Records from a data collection
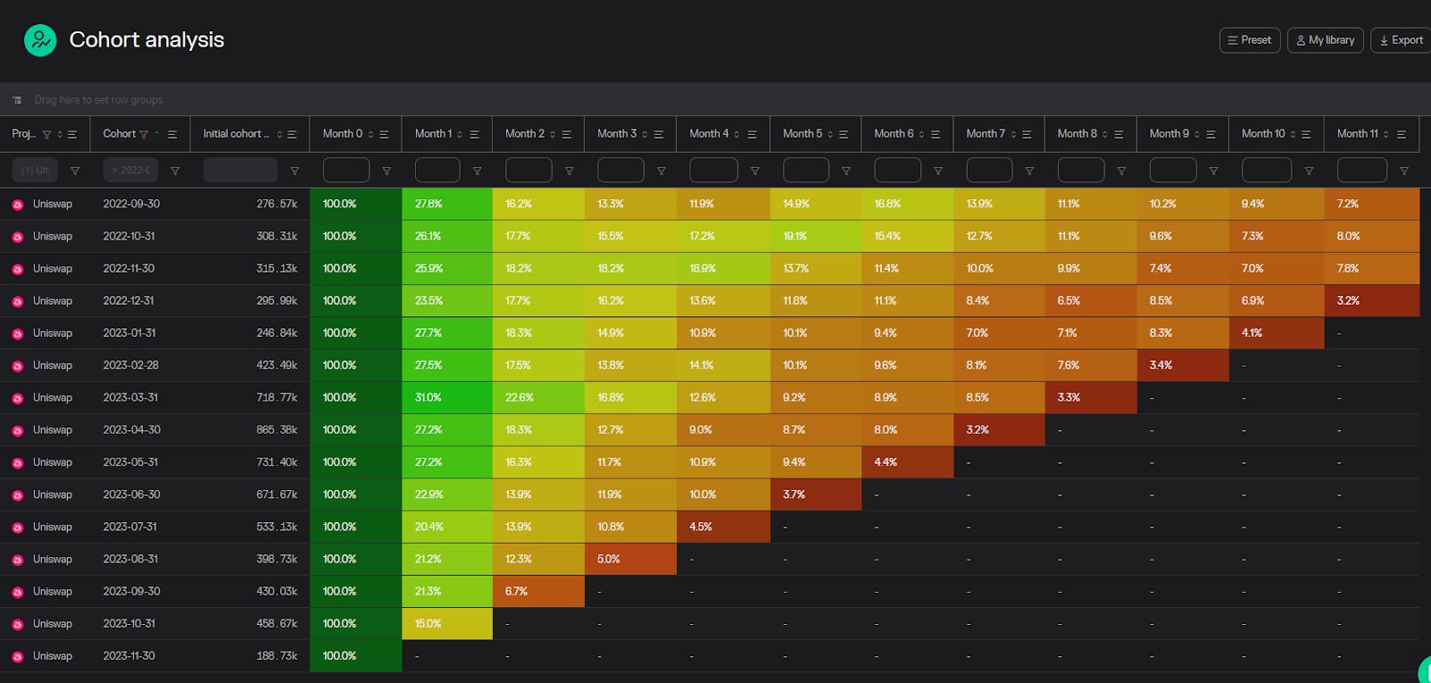 After all, the granularity of data we can observe on crypto networks is unprecedented in finance. To further our point, below are Uniswap’s retention rates for monthly active users:
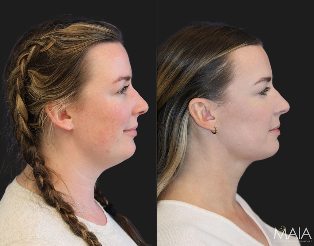 31 year-old bride-to-be before and 6 weeks after awake neck liposuction
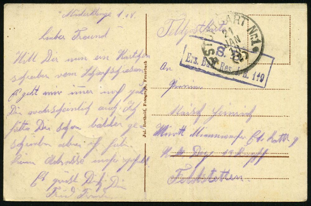 294 | 18 € | TRUPPENÜBUNGSPLÄTZE bis 1918 : Stuttgart-Müderklinge 1918 (21.1.) 1K: STUTTGART Nr.1/b* + viol. Ra.2: .. Ers. Batl. Res. I. R. 149 auf s/w.-Feldpost-Foto-Ak.: Schießplatz Mäderklinge (2 Ansichten) an Militär-Adresse | ![]() ![]() | |
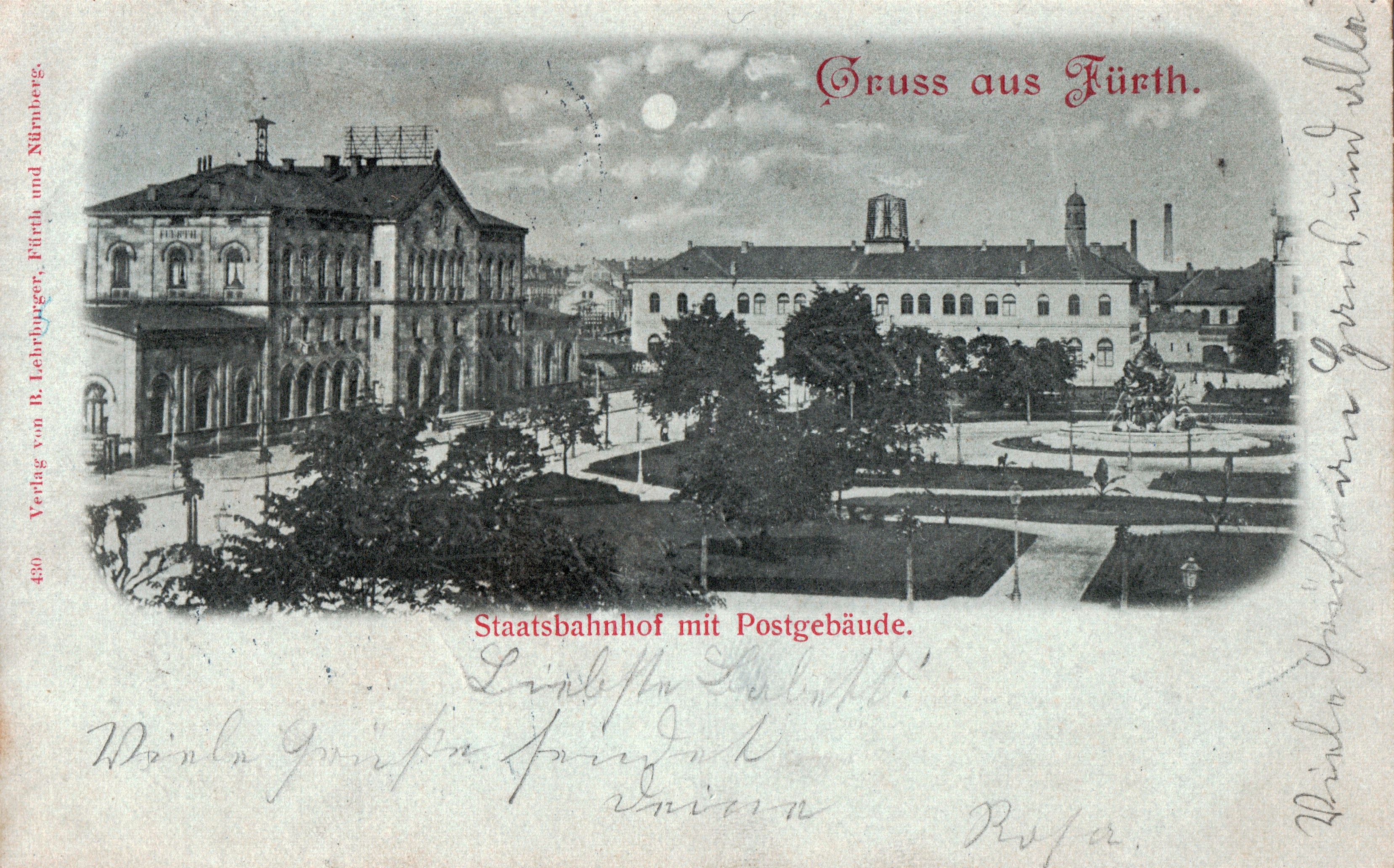 | Dateiinfo (Bild-Unterschrift und Info-Box, automatisch erstellt) | Historische Ansichtskarte "Staatsbahnhof mit Postgebäude", um 1898 Urheber: B. Lehrburger<br>Erstellungsdatum: 1898<br>Über Datum: 1898<br>Lizenz: cc-by-sa-3.0 | ||
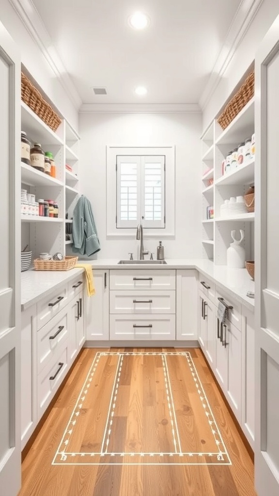 A well-designed pantry can be a game changer in your kitchen. This image showcases a spacious walk-in pantry that is both functional and organized. The layout allows for easy access to all your essentials, making meal prep a breeze.
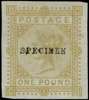 1878 £1 Colour trial. Very fine unused part o.g. imperforate example lettered CB. Printed in bistre on gummed watermarked paper overprinted "SPECIMEN" type 9. Scarce.
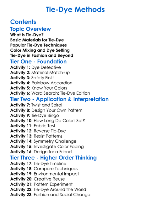 Tie-Dye Methods Worksheet Activity Booklet
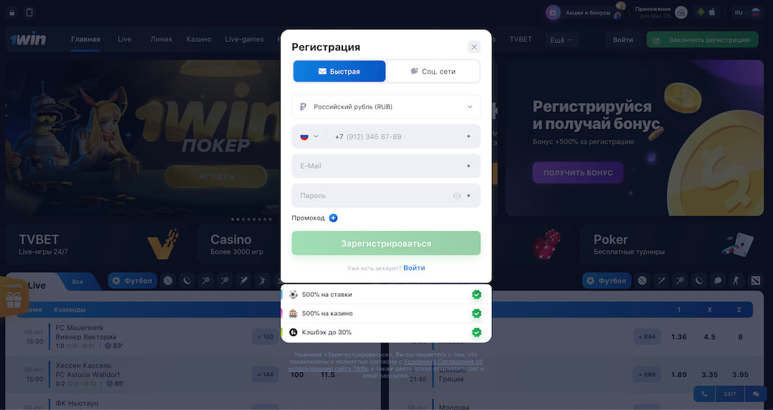 1Вин – современная букмекерская контора и онлайн казино. Сайт конторы обладает высоким функционалом и удобным интерфейсом. Чтобы получить доступ к играм на деньги, бонусам и другим функциям игорного заведения, потребуется регистрация на сайте. Ее можно выполнить тремя простыми способами:
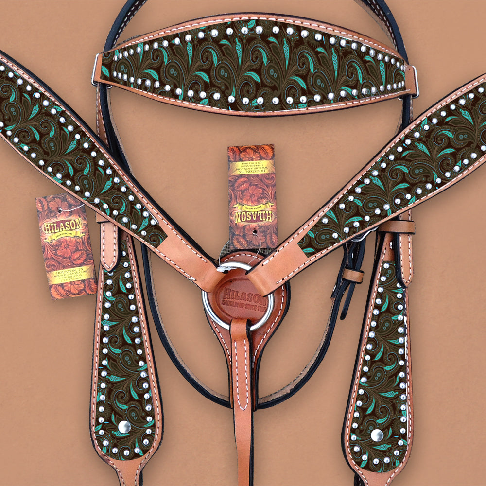 • This Is A Unique Combination Of Gorgeous Headstall And Breast Collar Constructed Of Hand Picked High Quality Thick 100% Genuine Leather. HILASON Uses The Best Quality American Cowhide Leather To Make These Wonderful Products.They Are Carefully Hand-Made With All The Required Precision And Care To Provide The Most Classic Look And High Durability. The Edges Are All Hand-Dyed And The Hardware Used Is Solid Stainless Steel. They Are Ideal For A Standard Size Horse And Have Some Room For Adjustments.

## Task goal
Begin at the first line of the records and please reproduce every line exactly through the one containing "31 year-old bride-to-be", leaving all pictures out.

## Written solution
 After all, the granularity of data we can observe on crypto networks is unprecedented in finance. To further our point, below are Uniswap’s retention rates for monthly active users:
 31 year-old bride-to-be before and 6 weeks after awake neck liposuction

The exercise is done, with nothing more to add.